At this intersection, many years ago, I ran into Daryl. Daryl was a regular at the coffee shop I was then working at. (If my sister ever reads this she’ll cringe when she arrives at that sentence ending preposition. More proof that I suck.) I knew him well enough to know he was struggling, but not well enough to feel that I should intervene. I don’t want to make a short story out of it. Daryl was feeling suicidal and he was looking for someone to throw him a rope. I’m pretty sure he had no idea what that rope looked like or whether it even existed. It was him hoping that a rope existed when he started a conversation with me, then moments later confided in me he was feeling like killing himself.

I told him without hesitation that it’s his life. If he can’t find a reason to live it, then he might as well go ahead and kill himself. Whenever I tell or write this story it sounds so much harsher than it felt at the time. Right there, on that fall afternoon, easy, cool, me sitting on a bench, Daryl standing just a couple of feet from me, it felt like an act of extreme generosity. So much of his searching must have been met with all kinds of ropes that weren’t ropes at all. They were only good for the throwing, like some jokes are only good for the telling. I just wanted him to know in that moment that I heard him, and that I knew his suffering was real. And I did hear him. We continued to talk that day, until both of us went our separate ways. And Daryl continued to struggle, sometimes up and sometimes down when I would see him.

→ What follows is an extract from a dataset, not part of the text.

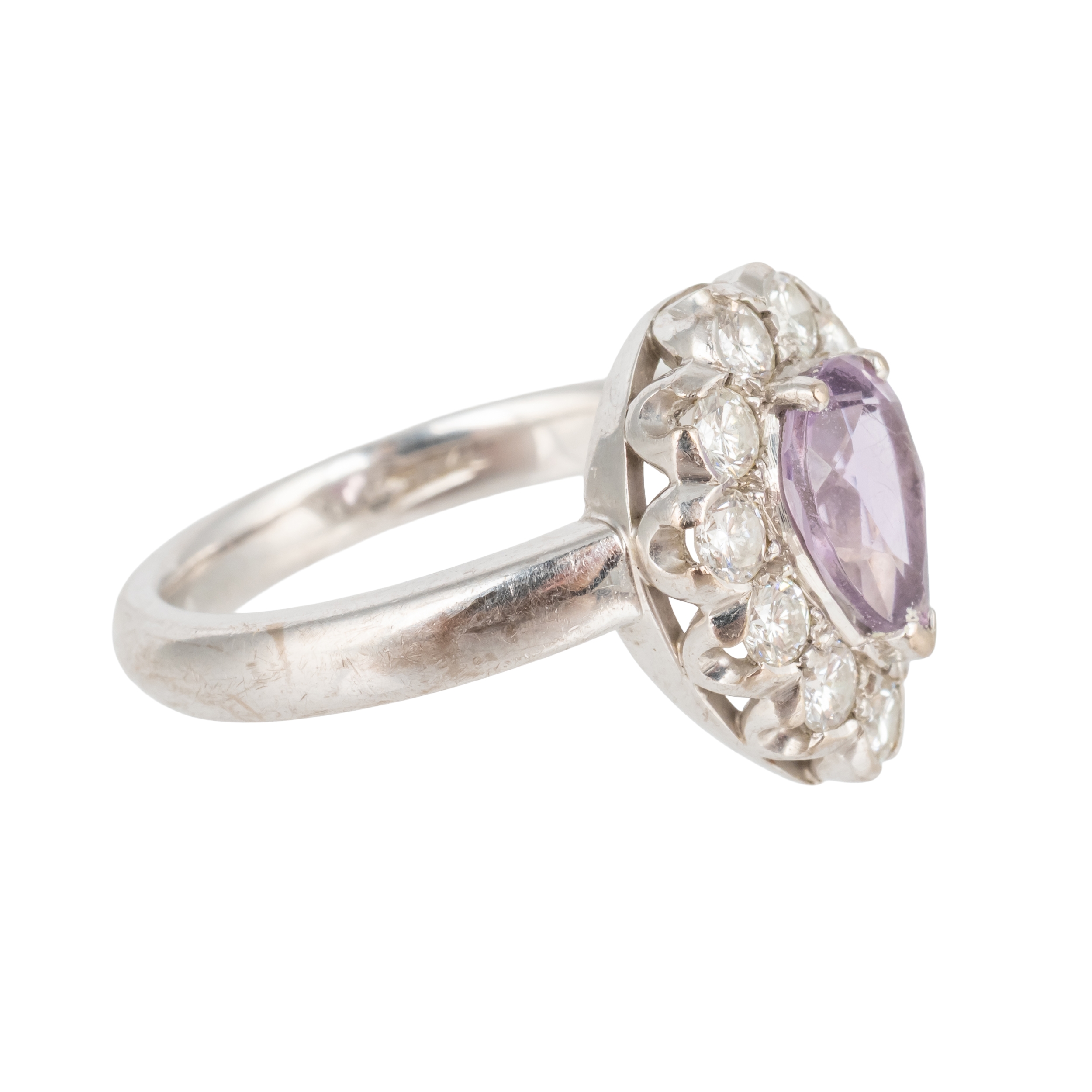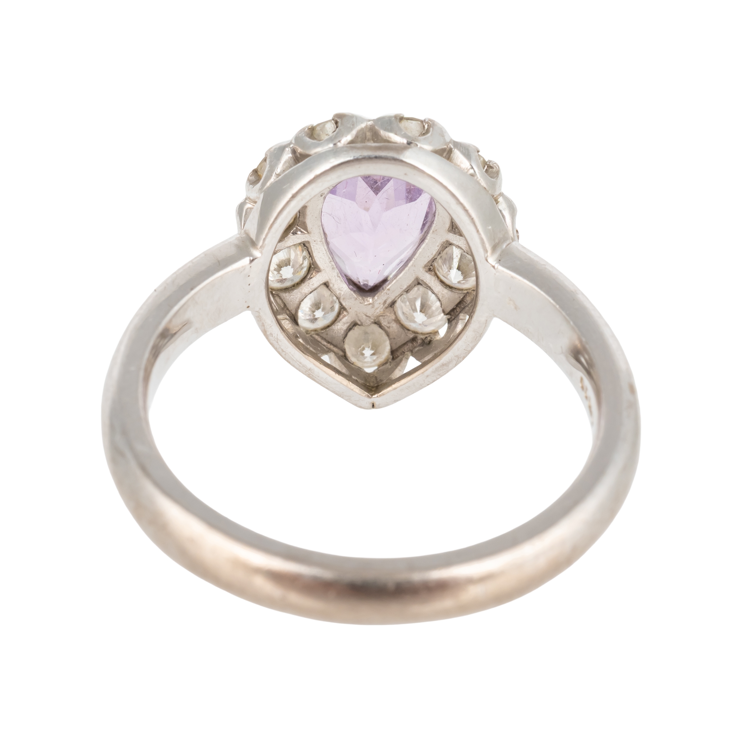 AN 18CT WHITE GOLD, DIAMOND AND PINK GEM SET PEAR SHAPED CLUSTER RING

It would be a pleasant surprise to find out he’s still alive today. It wouldn’t surprise me if he isn’t.

Maybe some folks think that by building me up, they’re building themselves up. Or maybe they really think I don’t suck. Maybe they’re afraid if they agree that I suck they have to confront the possibility in themselves. Whatever the reason, when I take this tack I am inevitably met with someone, somewhere who feels compelled to remind me that I’m good at a lot of things, or that I shouldn’t talk about myself that way.

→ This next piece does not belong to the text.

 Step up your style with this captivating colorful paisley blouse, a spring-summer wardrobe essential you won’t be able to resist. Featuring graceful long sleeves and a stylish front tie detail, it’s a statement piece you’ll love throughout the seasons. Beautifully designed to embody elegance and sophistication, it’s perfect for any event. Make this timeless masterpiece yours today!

“There’s battle lines being drawn/And nobody’s right if everybody’s wrong”

Whether it’s by being funny, tough, cool or just all around amazing, most of the time I’m busy trying to distract myself and others from the fact that I suck. That’s right. Despite everything I’ve said, I spend more time denying my suckiness than admitting to it. Maybe that’s another reason I feel compelled here, in the early stages of this blog, to reiterate that I suck.

Honestly I’m at my best when I know I suck. I don’t walk around like a party pooper or a sad sack just because I suck. I’m never more confident than when I admit I suck. Something about taking ownership of the worst in me…

Maybe that’s why I like the sound of “sick, dumb + ugly.”